Crackdown on protesters continues in Hong Kong with mass arrests

Hong Kong police arrested more than 50 opposition lawmakers in a raid on Jan. 6, according to NPR.


The move was “by far the largest such action under [the national security law],” according to AP News, and although only three remain detained, those released through bail could still be convicted. 


“They haven’t made any charges against us yet,” said Lam Cheuk-ting, former pro-democracy lawmaker and one of the 50 detained. “But I’m quite sure that they will charge some of us sooner or later, whether they have sufficient evidence or not.”


Hong Kong Secretary for Security John Lee deemed the arrests “necessary,” according to Hong Kong Free Press


“The operation today targets the active elements who are suspected of… overthrowing or interfering, serious[ly] destroying the Hong Kong government’s legal execution of duties,” Lee said in Hong Kong’s legislature. 


One of two sources speaking anonymously told Reuters the arrests were only a part of China’s efforts of preventing a repetition of its big public revolts, such as the series of protests in 2019 and the Tiananmen Square protests in 1989. 


International authorities have condemned the mass arrests in a joint statement by the United States, Australia, Canada and the United Kingdom. 


“It is clear that the National Security Law is being used to eliminate dissent and opposing political views,” the statement read. 


“We call on the Hong Kong and Chinese central authorities to respect the legally guaranteed rights and freedoms of the people of Hong Kong without fear of arrest and detention.”


The national security law passed on June 30, 2020 sparked a series of arrests during unlawful street protests. It then progressed to authorities arresting those under suspicion of secession through social media. 


Similar arrests continued over the following months, notably on September 6, the day of Hong Kong’s legislative elections, where nearly 300 were detained according to The Guardian


Other prominent pro-democracy figures such as Jimmy Lai and Joshua Wong were also arrested on August 10 and December 2 of 2020, respectively. 


According to Al Jazeera, an activist group announced the arrival of five Hong Kong protesters allegedly seeking asylum to the U.S. on January 16, 2021. 


“The activists, all under the age of 30, took part in the ongoing pro-democracy protests in Hong Kong, faced protest-related arrests and charges, and fled the city by boat last July,” said Samuel Chu, founder of the Hong Kong Democracy Council, a Washington-based advocacy group.

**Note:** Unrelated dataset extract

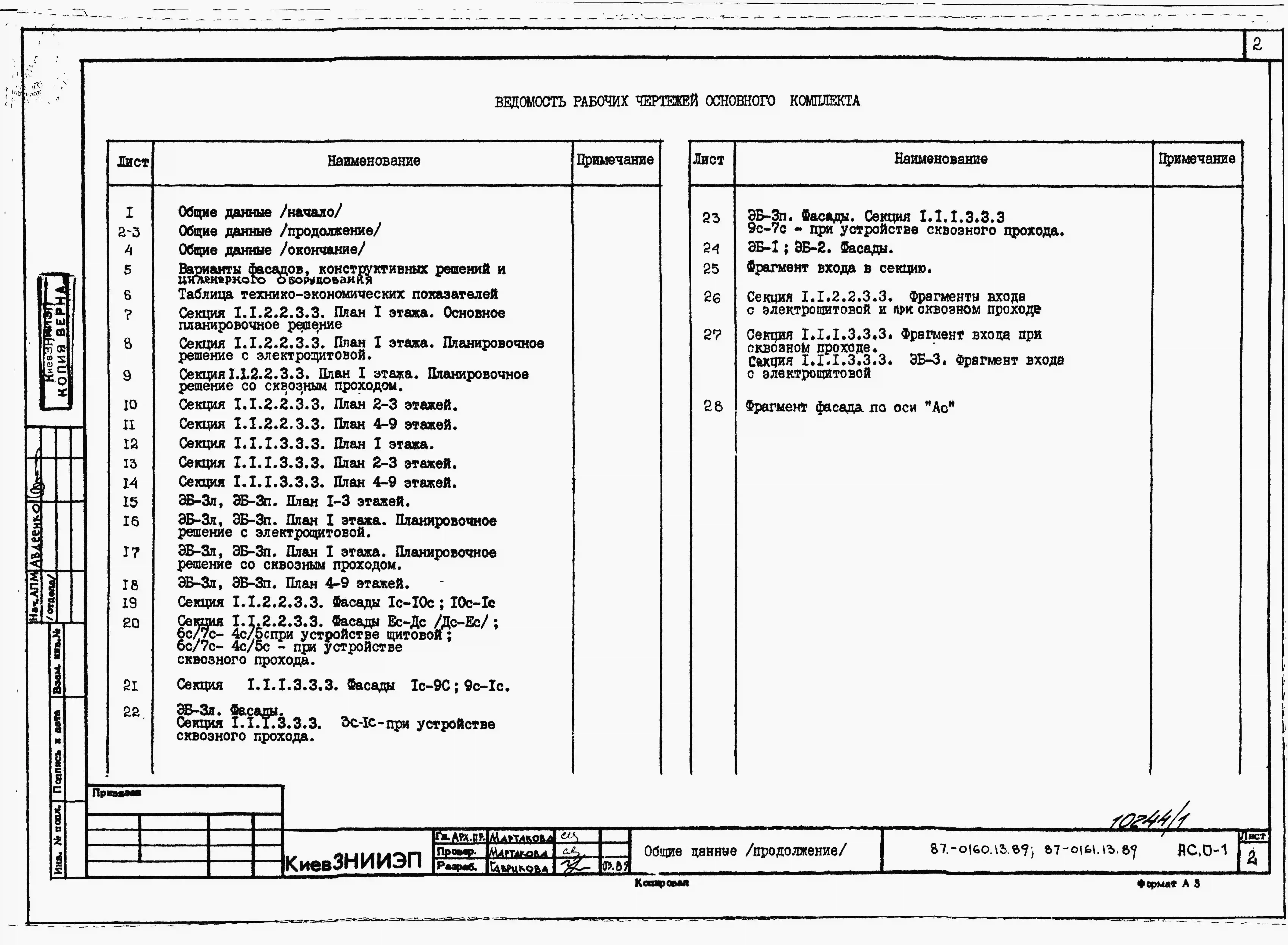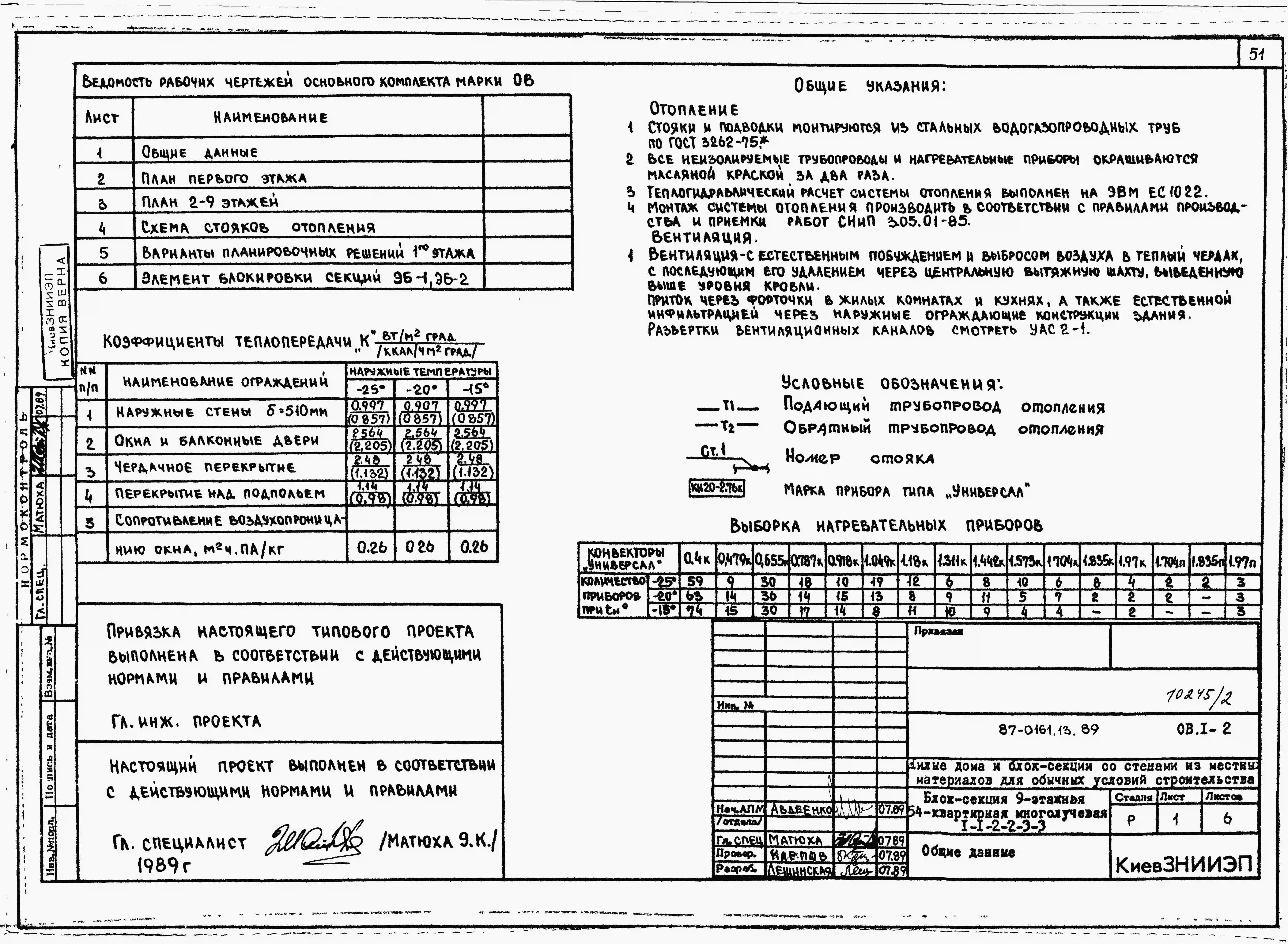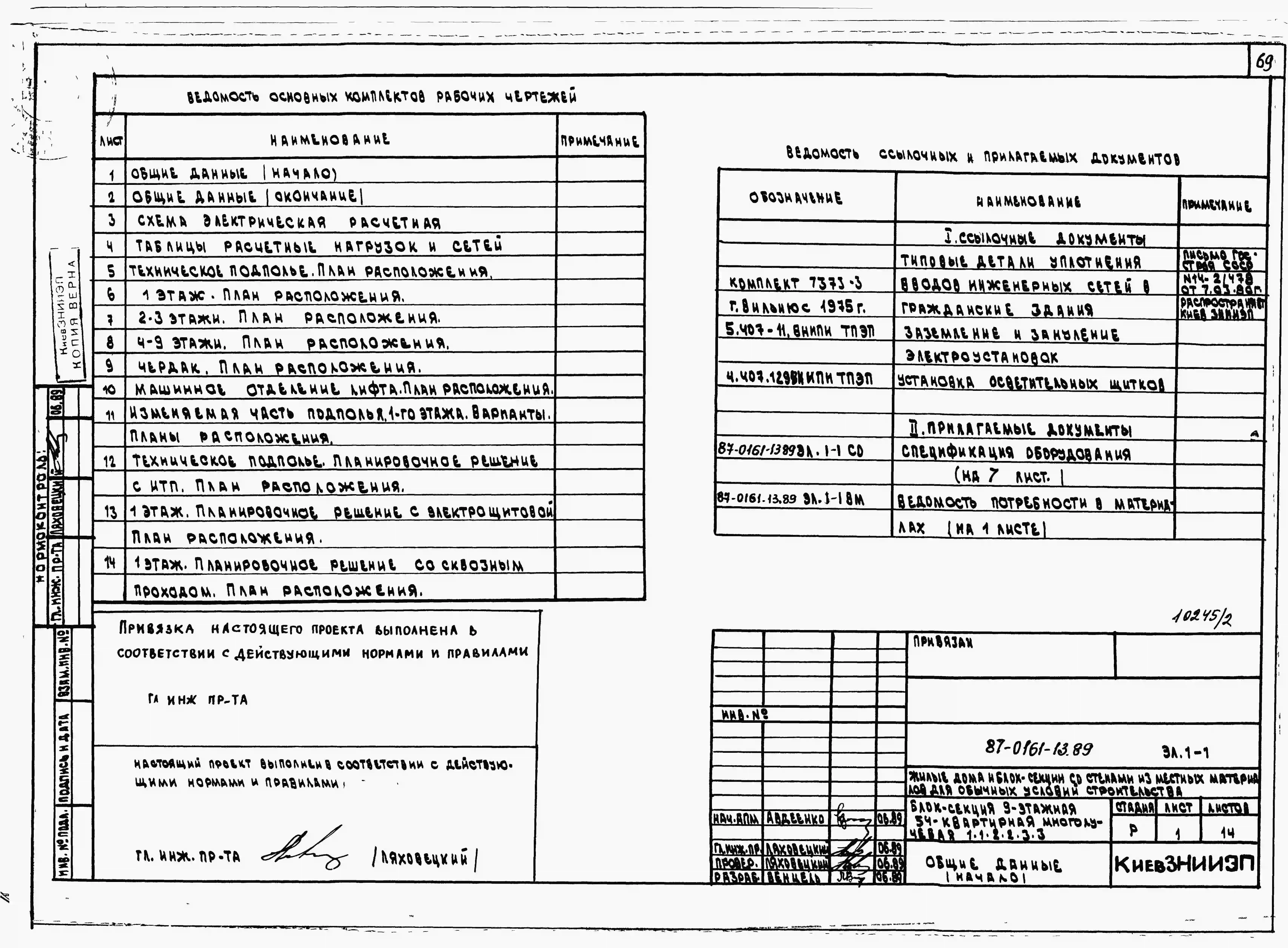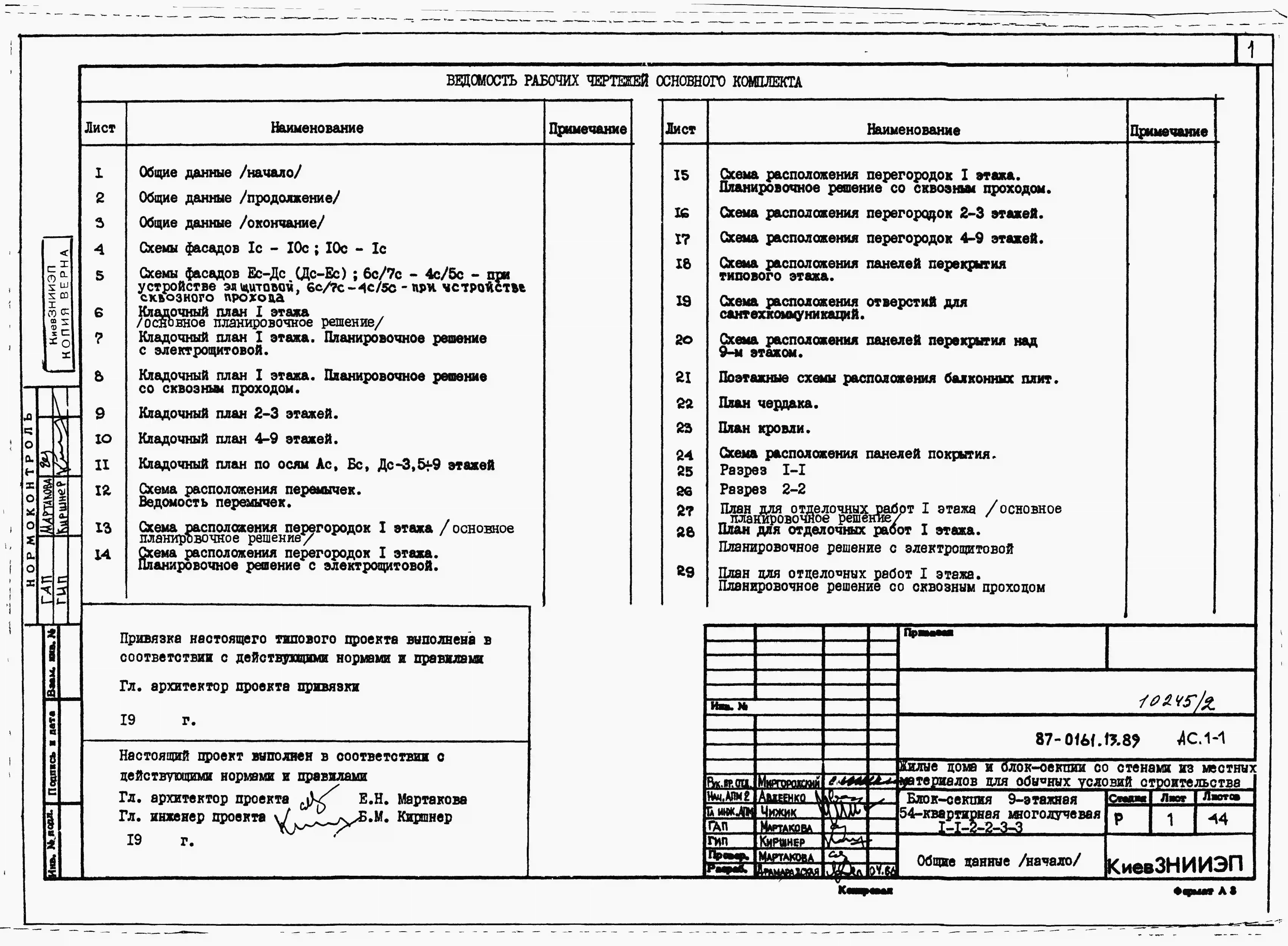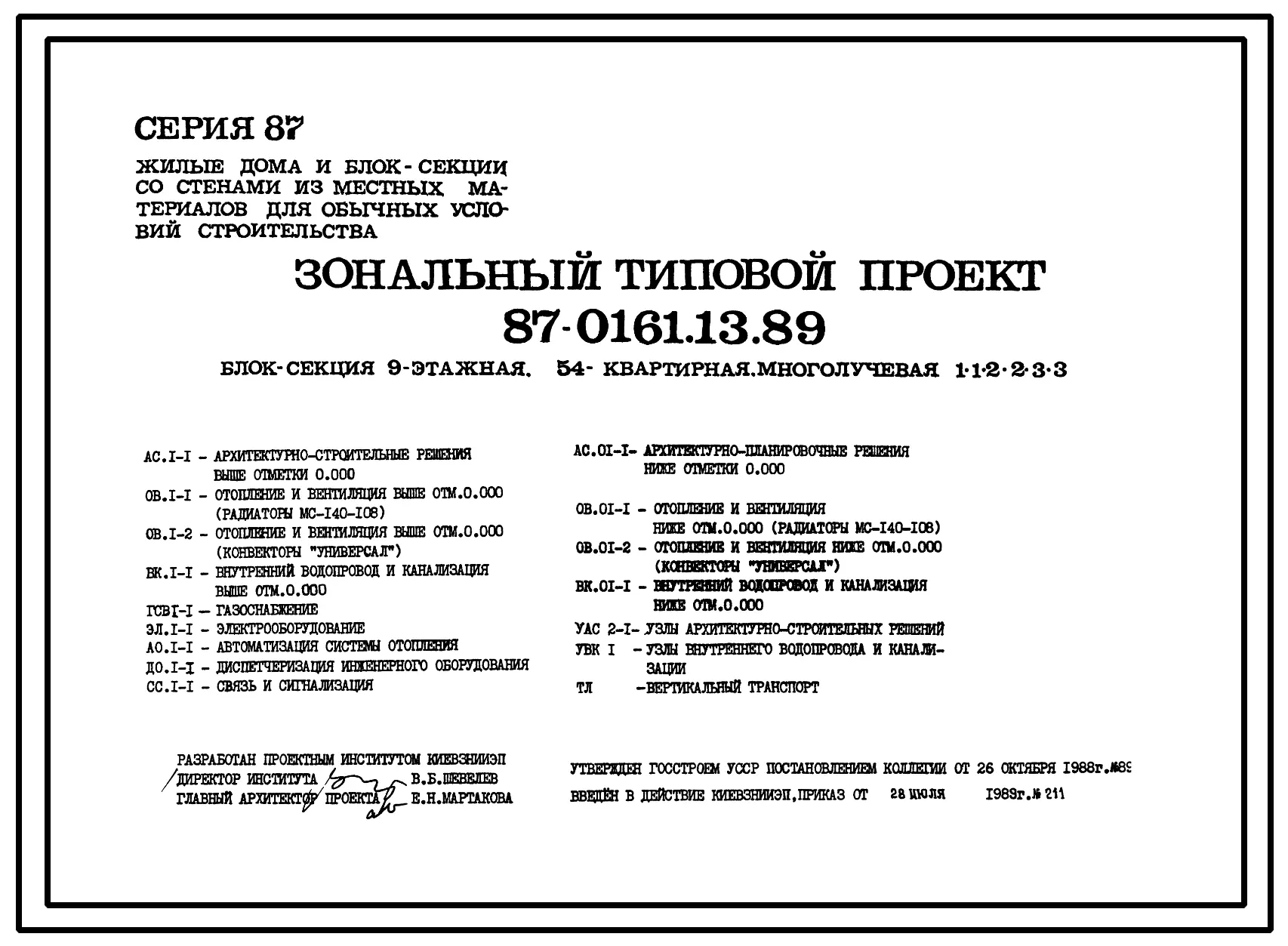 Типовой проект 87-0161.13.89 Блок-секция многолучевая 9-этажная 54-квартирная 1-1-2-2-3-3 /для строительства в УССР/

Additionally, several politicians have either been expelled by the government or stepped down from their roles in protest of the law. 


Humans rights groups have reiterated that the national security law has broad powers continually used against the government’s critics. 


“Hong Kong authorities’ claims that discussing candidates and advocating for government action is somehow subversive is ludicrous,” said Maya Wang, senior China researcher for Human Rights Watch Asia division. 


“People have a legitimate right to take part in public affairs,” said Yamini Mishra, Asia-Pacific Regional Director for Amnesty International. “Political opposition should not be silenced just because the authorities don’t like it.”